Treatment | Theanine (mg/g) | Caffeine (mg/g) | Catechin (mg/g) | Total catechin (mg/g) |
---|
Spring |
Regular-P | 9.26 ± 0.09 b | 15.55 ± 0.44 a | 23.34 ± 0.53 a | 96.44 ± 1.59 a |
Low-P | 10.76 ± 0.00 a | 17.01 ± 0.42 a | 24.75 ± 1.22 a | 95.16 ± 2.51 a |
Winter |
Regular-P | 6.55 ± 0.31 a | 14.98 ± 0.67 a | 21.54 ± 1.44 a | 46.00 ± 2.26 a |
Low-P | 7.49 ± 0.23 a | 15.13 ± 0.24 a | 19.49 ± 0.42 a | 43.15 ± 0.50 a |
4. Conclusions
Excessive fertilization does not improve plant growth, but threatens soil and water quality. Taipei Feitsui Reservoir Administration in Taiwan attempts to preserve good water quality by promoting low-P fertilizers as a new BMP. This study demonstrated the results of applying low-P and regular-P fertilizers and concluded that low-P fertilizers help to improve the quality of the effluents and brewed tea at the study sites. There were no significant differences in the agricultural characteristics and yield between the low-P and regular-P fields. The taste of the manufactured tea from the low-P field was judged to be better, because the brewed tea contained more theanine. Although this study did not focus on N, the extremely high TN concentration of effluents from the regular-P field should be noted for future studies.

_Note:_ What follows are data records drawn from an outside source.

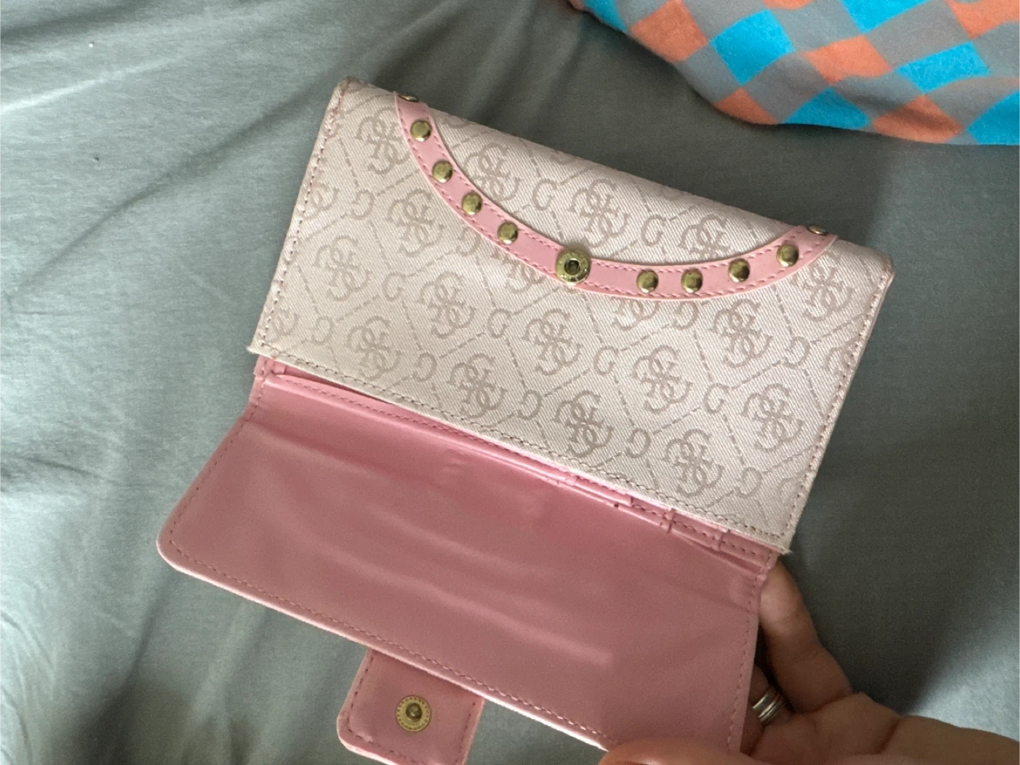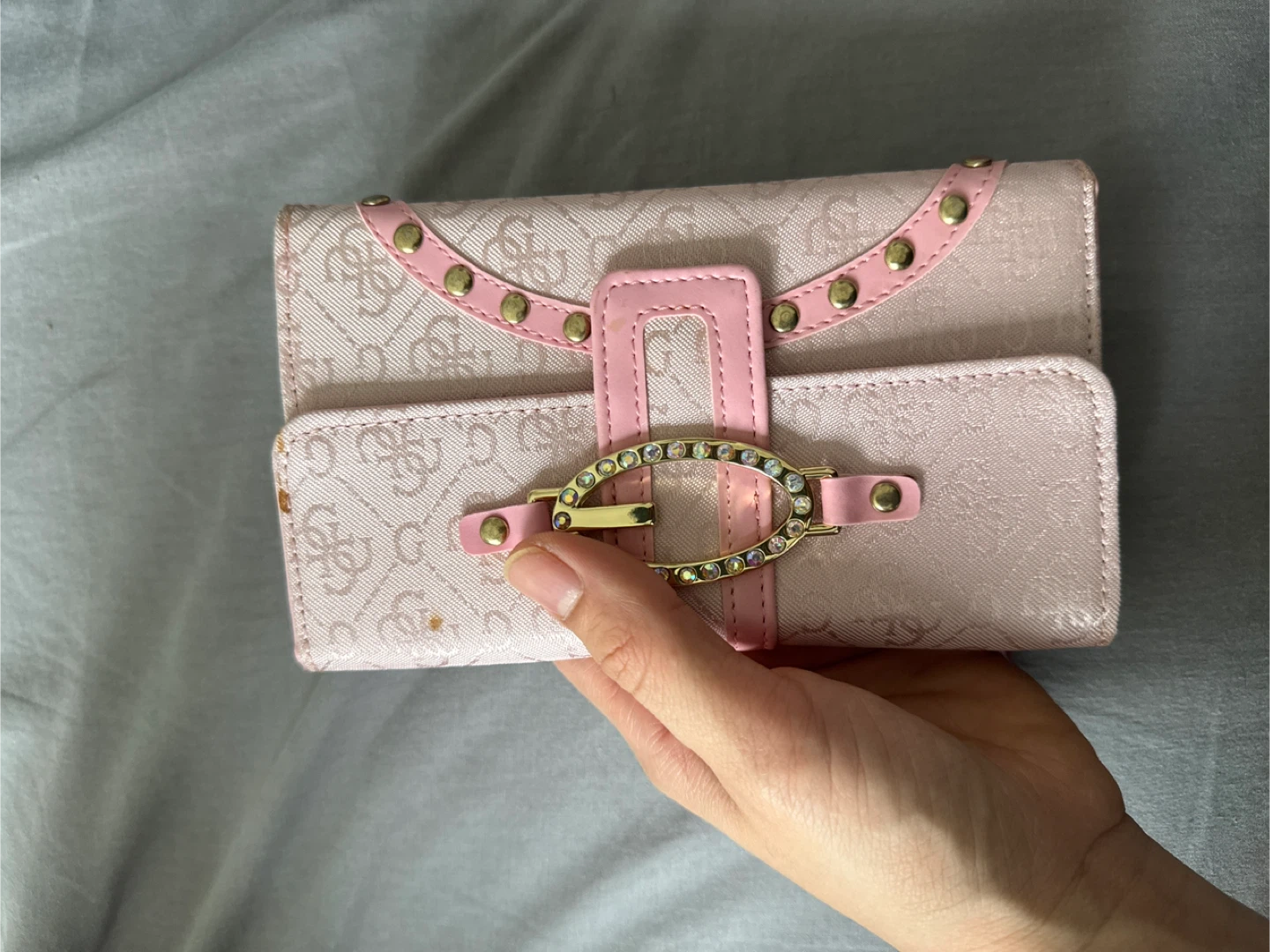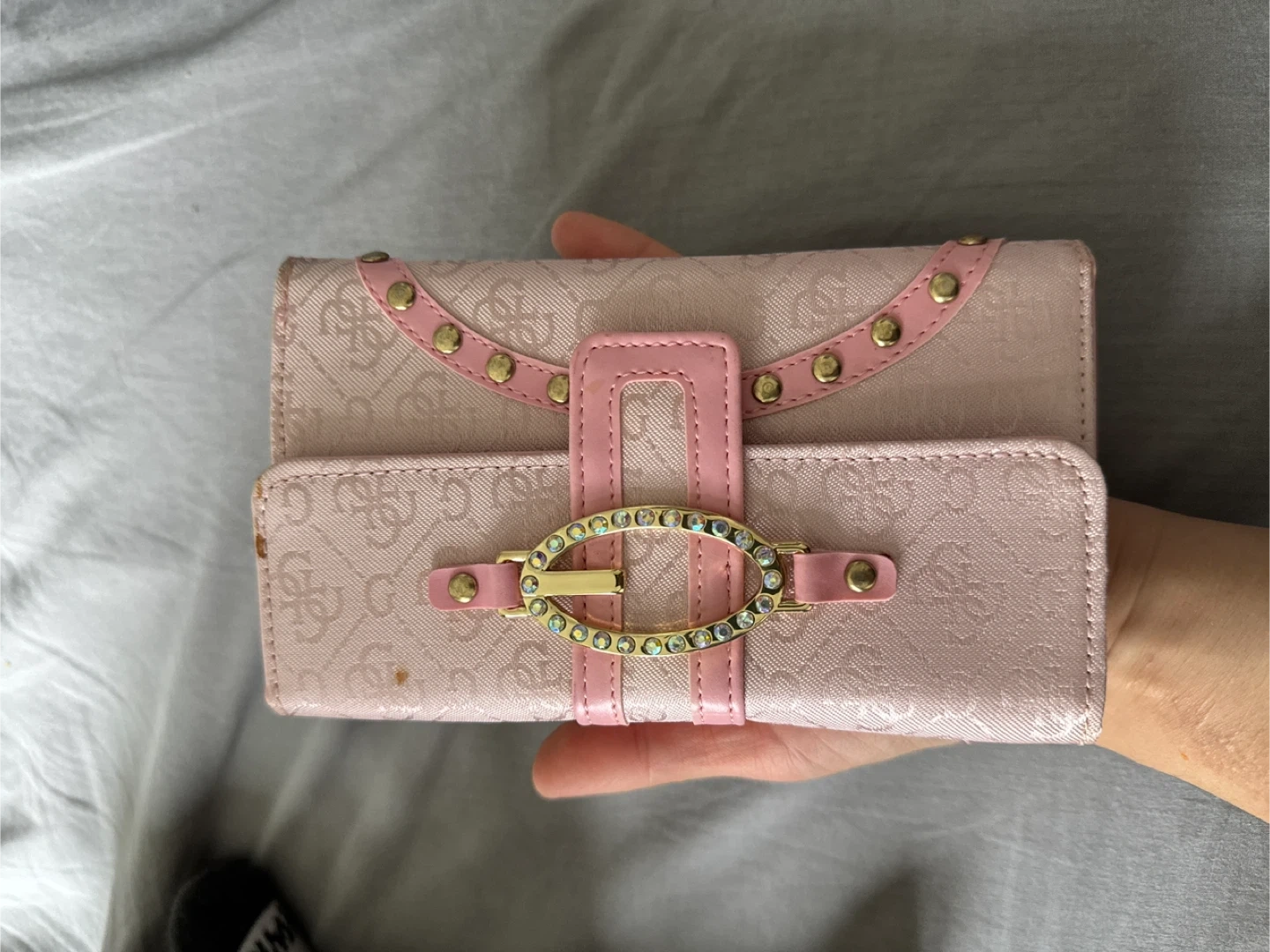 Selling a cute Guess wallet in pink! It's perfect for keeping your cards and cash organized. It has a unique design with a decorative buckle.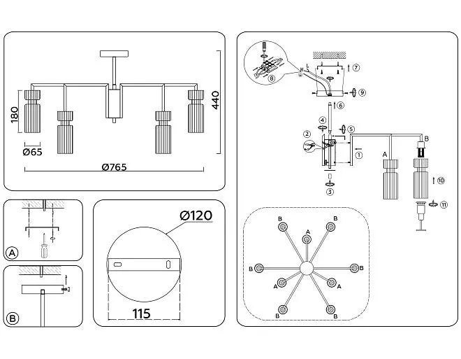 | Количество плафонов | 9 |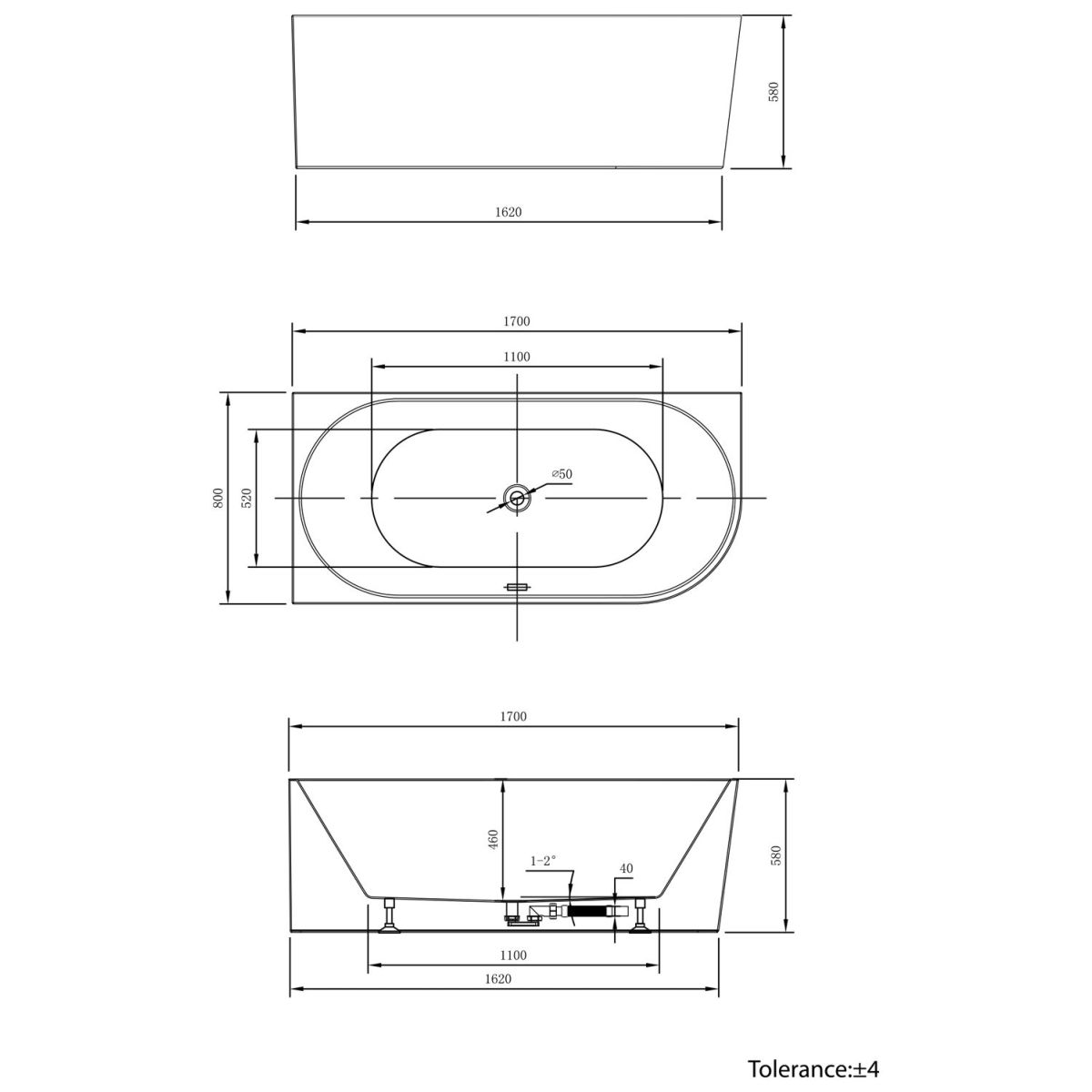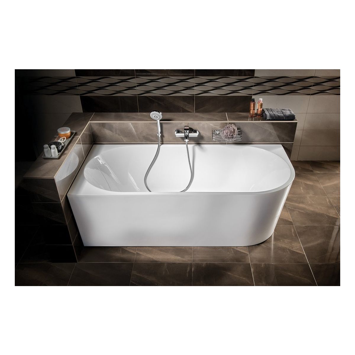 Aqualine Tibera Wandmontierte Badewanne 170x80 cm oval weiß E1026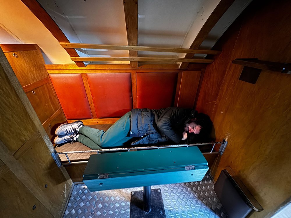 Posjet U-995 klaustrofobičnim osobama zasigurno izaziva strahovitu nelagodu, a i nama, koji nemamo taj problem, nije svejedno prolaziti uskim oknima, ležati na minijaturnim krevetima i pokušati shvatiti kako je u toj 'konzervi' bilo živjeti pod vodom.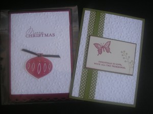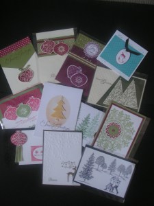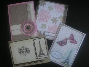 Just going to interrupt my regular programming of ‘Sail-Away’ cards for the moment. (Phew, you’re all breathing a sigh of relief there aren’t you!!!). I had to show you these cards. Today I had a family stamping day with some of my keen stamping family members. I showed them the Emboss Resist Technique with ‘Elements of Style’. Then they all made the card. They all did a fantastic job. I thought you might like to see them. I’m very impressed with them all.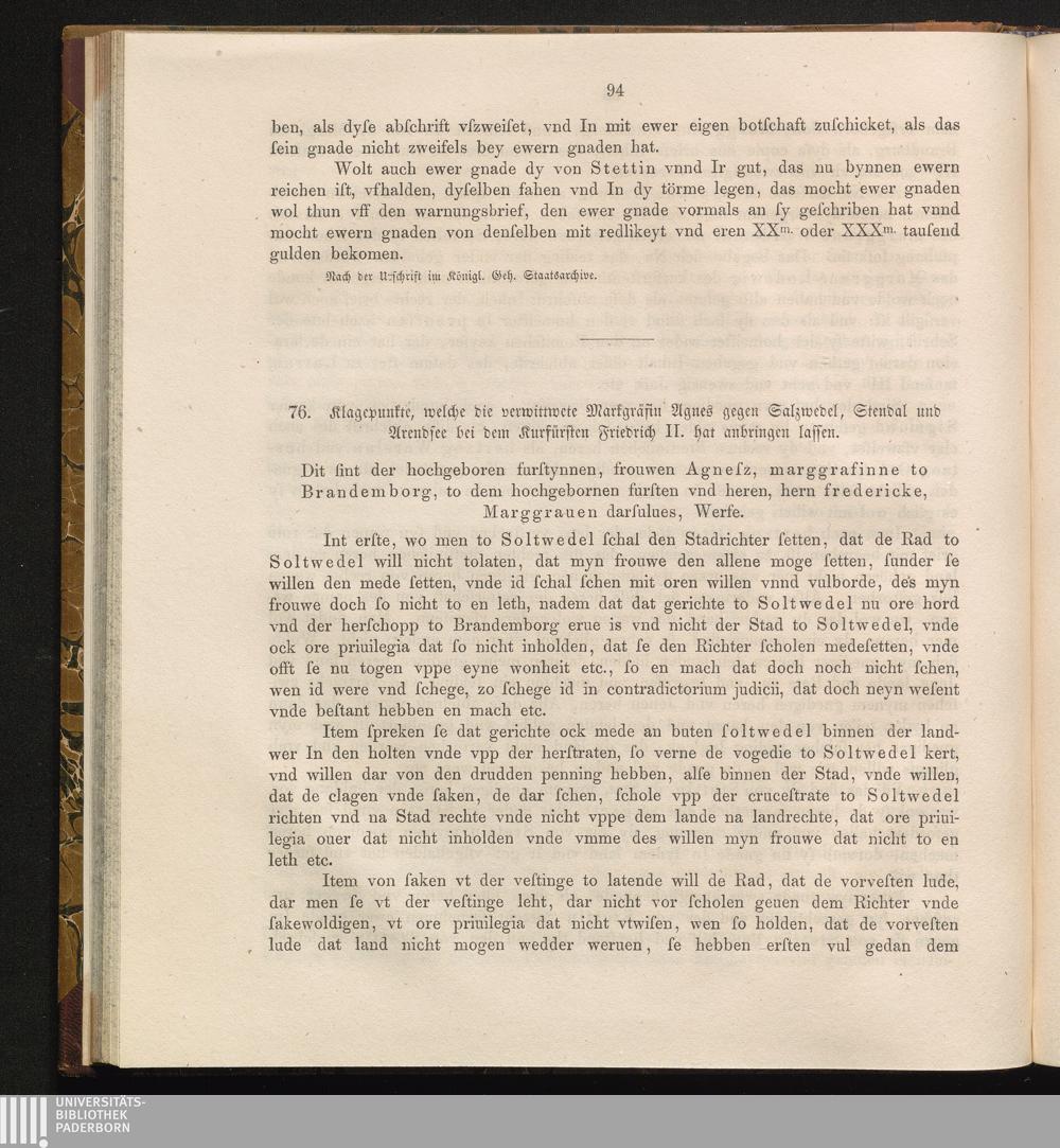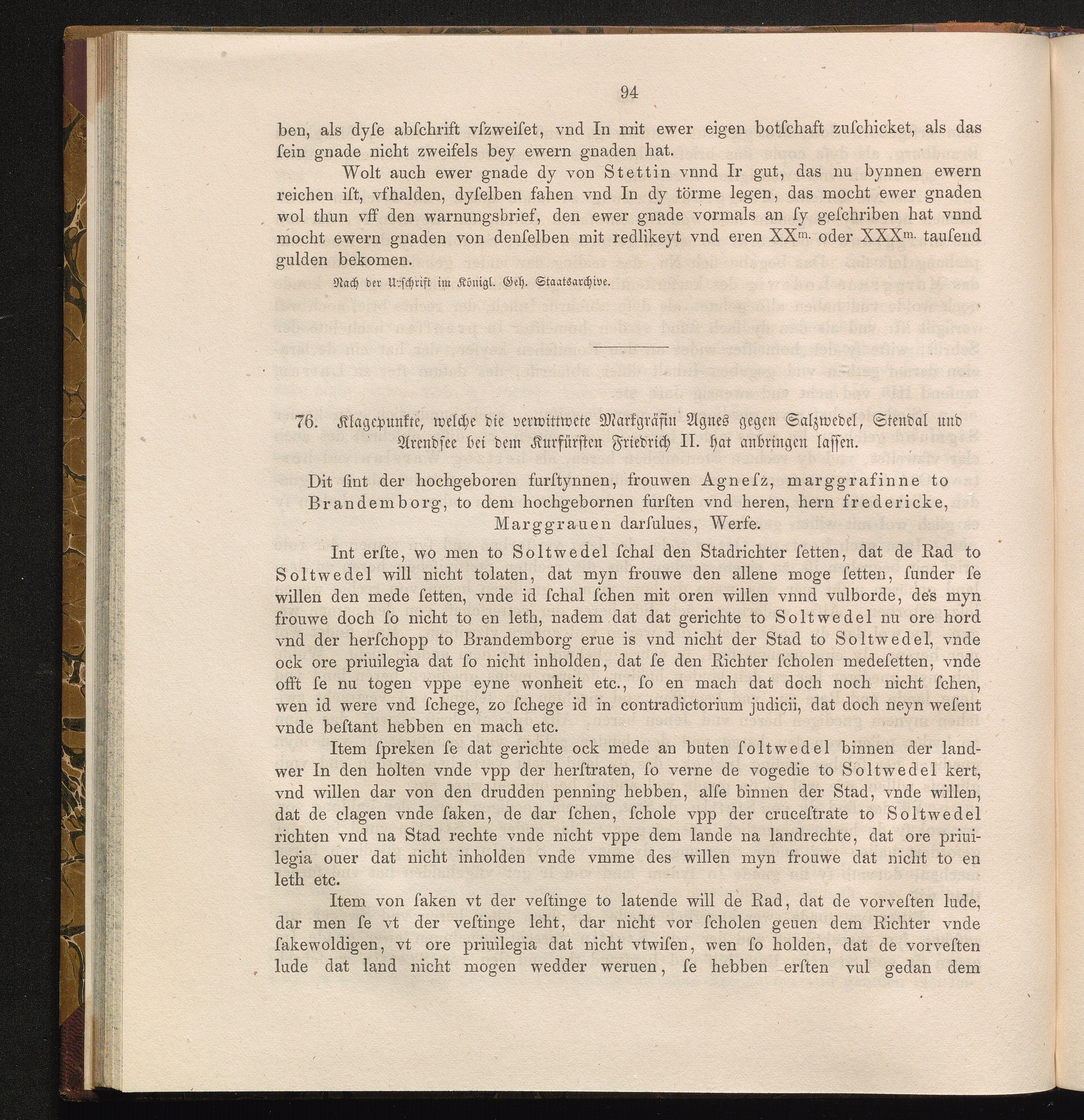 76. Klagepunkte, welche die verwittwete Markgräfin Agnes gegen Salzwedel, Stendal[...]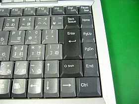 この種のキーボードは、右端に特殊キー群_Home,PgUp,PgDw,End_などが並んでいて、よく使うEnterやBackspaceキーが内側に追い遣られているので、私にはかなり使い難い。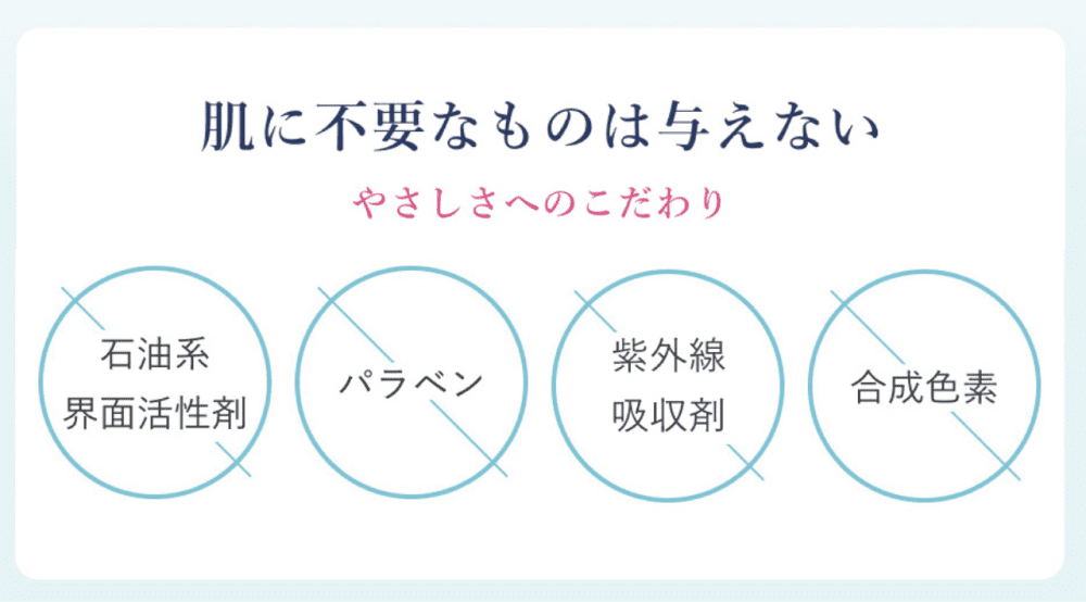 の4点全部、石油系界面活性剤、パラベン、紫外線吸収剤、合成色素などの添加物は不使用。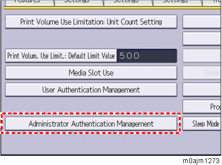 To specify administrator authentication, set "Administrator Authentication Management" to [On]. If this setting is enabled, administrators can configure only settings allocated to them.

The test fields were located on existing tea plantations and have been cultivated and harvested for many years. Therefore, the precondition of the soil influenced the study results. The available P in the original soil of the low-P test field was already enriched, so the low-P fertilizers were sufficient to maintain the tea yield and even improved the tea quality. Low-P fertilizers should be considered as an alternative BMP for specific situations, but they should not be used as a universal BMP for all croplands.